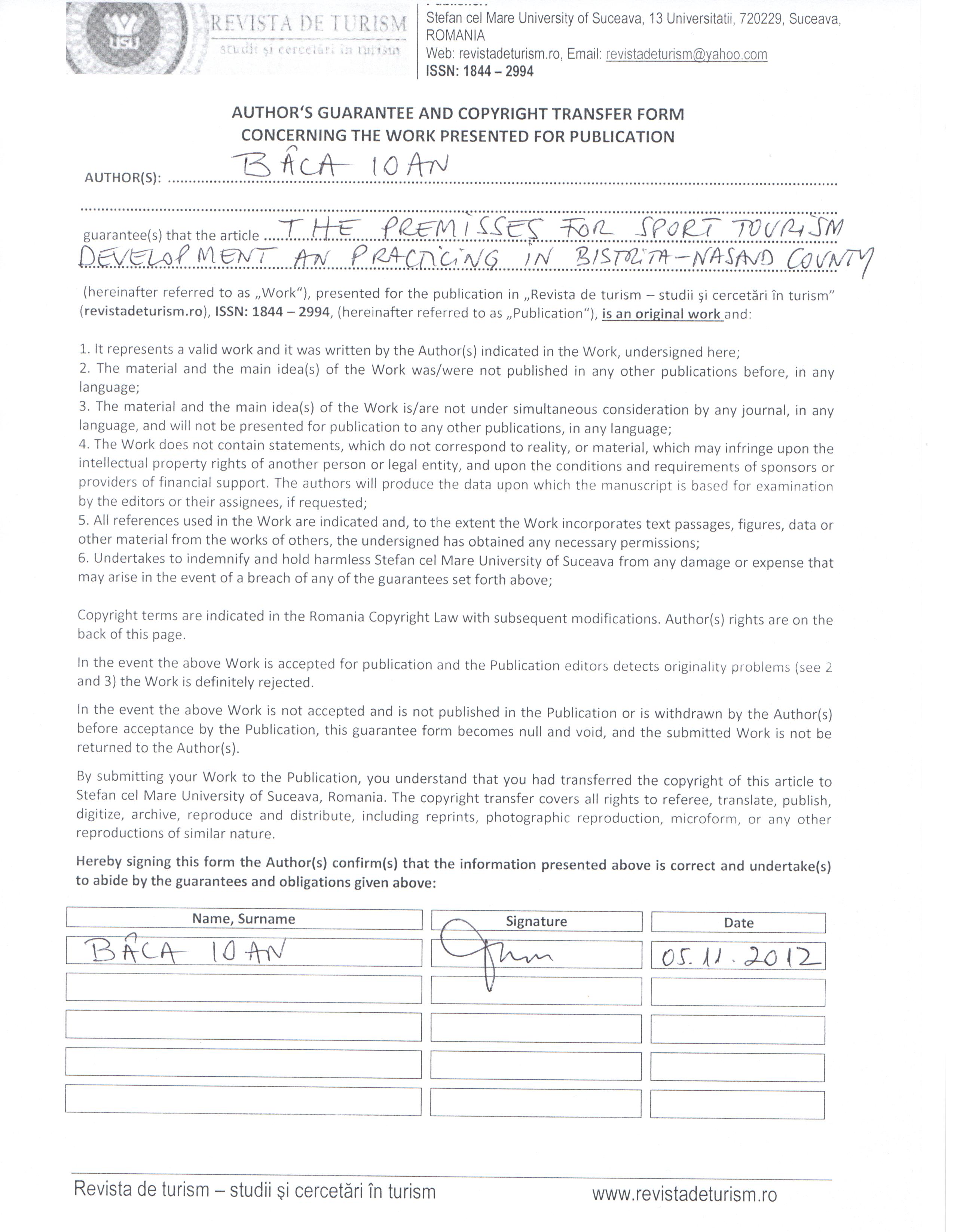 Revista de Turism: Studii si Cercetari in Turism (RDT) is an open access scholarly journal that allows free access to its content (articles, issues). RDT is available online to the readers without financial, legal, or technical barriers (no publication charges), based on the theory to keep an article's content intact. Authors can use Creative Commons licenses to specify usage rights of articles. Copyright of articles belong to authors.
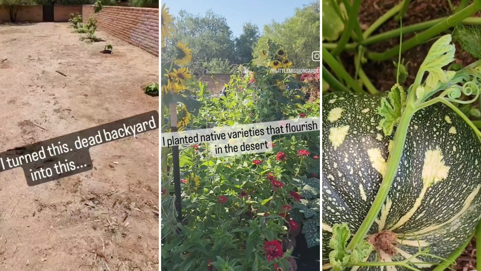 The clip opens with a desert backyard empty of life. Sow Arizona shows the yard's journey from its dusty beginnings to a vibrant garden filled with native plants, colorful flowers, and squash, adding that the change only took a year.
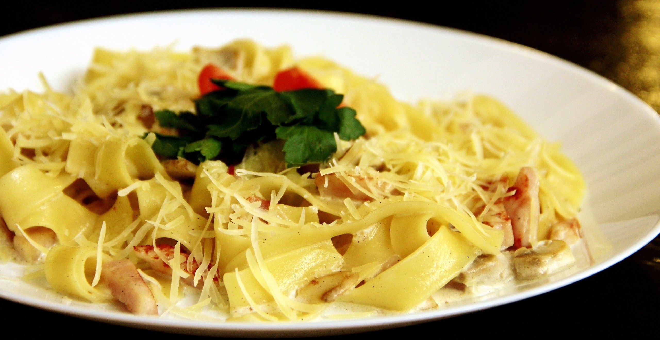 Карбонара с курицей и грибами в сливочном соусе
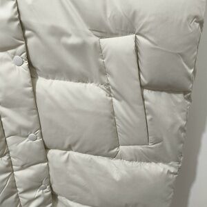 80% goose down + 20% feathers, with horizontal quilting for layered down retention
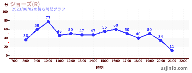 • ジョーズ(R)$B$N(B2023年08月02日の待ち時間
________________________
What you have to do: Each record above should be copied character for character, with pictures dropped.

Exercise answer:
 Revista de Turism: Studii si Cercetari in Turism (RDT) is an open access scholarly journal that allows free access to its content (articles, issues). RDT is available online to the readers without financial, legal, or technical barriers (no publication charges), based on the theory to keep an article's content intact. Authors can use Creative Commons licenses to specify usage rights of articles. Copyright of articles belong to authors.
 The clip opens with a desert backyard empty of life. Sow Arizona shows the yard's journey from its dusty beginnings to a vibrant garden filled with native plants, colorful flowers, and squash, adding that the change only took a year.
 Карбонара с курицей и грибами в сливочном соусе
 80% goose down + 20% feathers, with horizontal quilting for layered down retention
 • ジョーズ(R)$B$N(B2023年08月02日の待ち時間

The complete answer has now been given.